Wednesday, December 24, 2025

Shippea Hill: back in its rightful place

It’s that time of year again!  The Office of Rail and Road has released its estimated statistics of railway station usage by passenger numbers, and as usual I have headed immediately for lower extremities of the league table with one particular and cherished name in mind.  Where in the rankings is Shippea Hill, with the tenuous service it provides to a remote tract of Cambridgeshire fenland?

Second to last!  With 76 passengers, and in 2,585th place, Shippea Hill is the second-least-used station after Elton and Orton in Nottinghamshire with its 68.  The press release does mention the five least-used stations, but for Shippea Hill there will be no media hype this year as there was in 2014/15 and 2015/16, when with 22 and 12 recorded passengers respectively, it earned the crown of Britain's least-used station — nor perhaps the campaigns which followed of people visiting the station with the express aim of trying to boost passenger numbers.  The ORR has noticed this too, acknowledging that 'in previous years, usage at some of the least used stations presented as part of these statistics has increased the following year.  We understand that highlighting the least used stations within these statistics can encourage people to visit them.'

I have written elsewhere at lengths which seem extraordinary even to me about this station with its uncertain name, a 'hill' only by virtue of not being quite below sea level, as is all the land around it, and serving a vague extremity of the Cambridgeshire-Suffolk border that remains essentially featureless but for a few Portakabins and millions of root vegetables.

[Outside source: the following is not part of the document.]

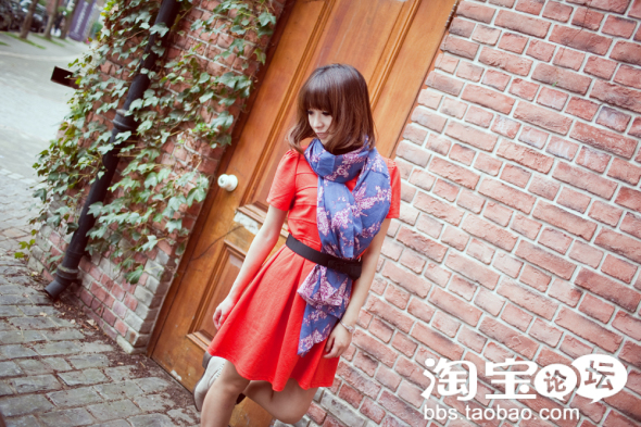紅色的復古圓領洋裝,看似很普通,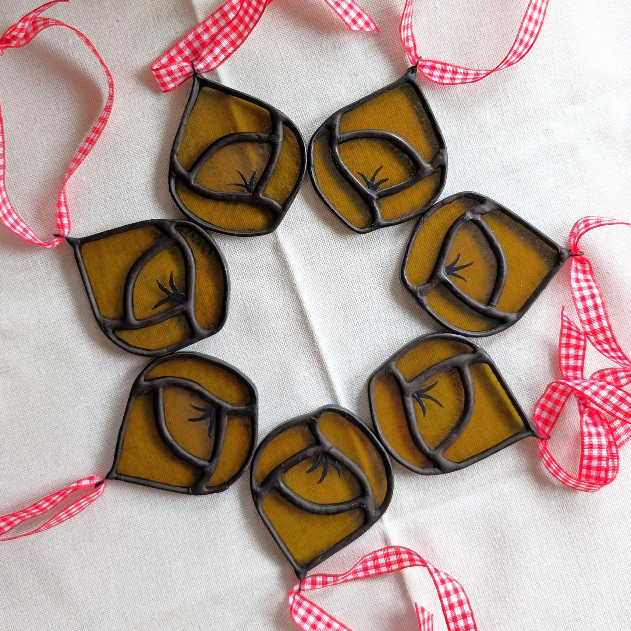 – Iridescent glass – Hand painted details – Red gingham ribbon for hanging 4″ long – Measure 2.5″ x 2″ *Includes shipping costs to the continental US

Still after all these years, the service at Shippea Hill remains unchanged: one weekday morning train towards Norwich at 0726 on Mondays to Fridays, and at 0747 on Saturdays answered only by a 1615 in the down direction on Saturdays.  There remains no direct service to the next station, Lakenheath, which is served only at weekends.

Second-to-last is, I think, the place that suits Shippea Hill the best.  This is actually the most obscure position: almost as unused as the actual least-used station, but also far less talked about — avoiding the glare of publicityby the skin of its teeth.  And Shippea Hill by nature shuns celebrity, resisting by its wind-bitten austerity, its sheer remoteness, and the obtuse blankness of the surrounding fenland, as many attempts on conquest as it possibly can.  Of course, penultimate place is also a dangerous position, where its cost-benrfit-analysis-failing name can be underlined in the red pen of some Director of Finance.  But should such threats ever loom, the great Shippea Hill revivalists of years ago would I am sure rally to the cause, were such a travesty ever threatened.  Long may this unpopulated patch of Fenland enjoy its  asymmetrical service, as bleak and inhospitable as the landscape that surrounds it — and congratulations to the 70 who made it there this year!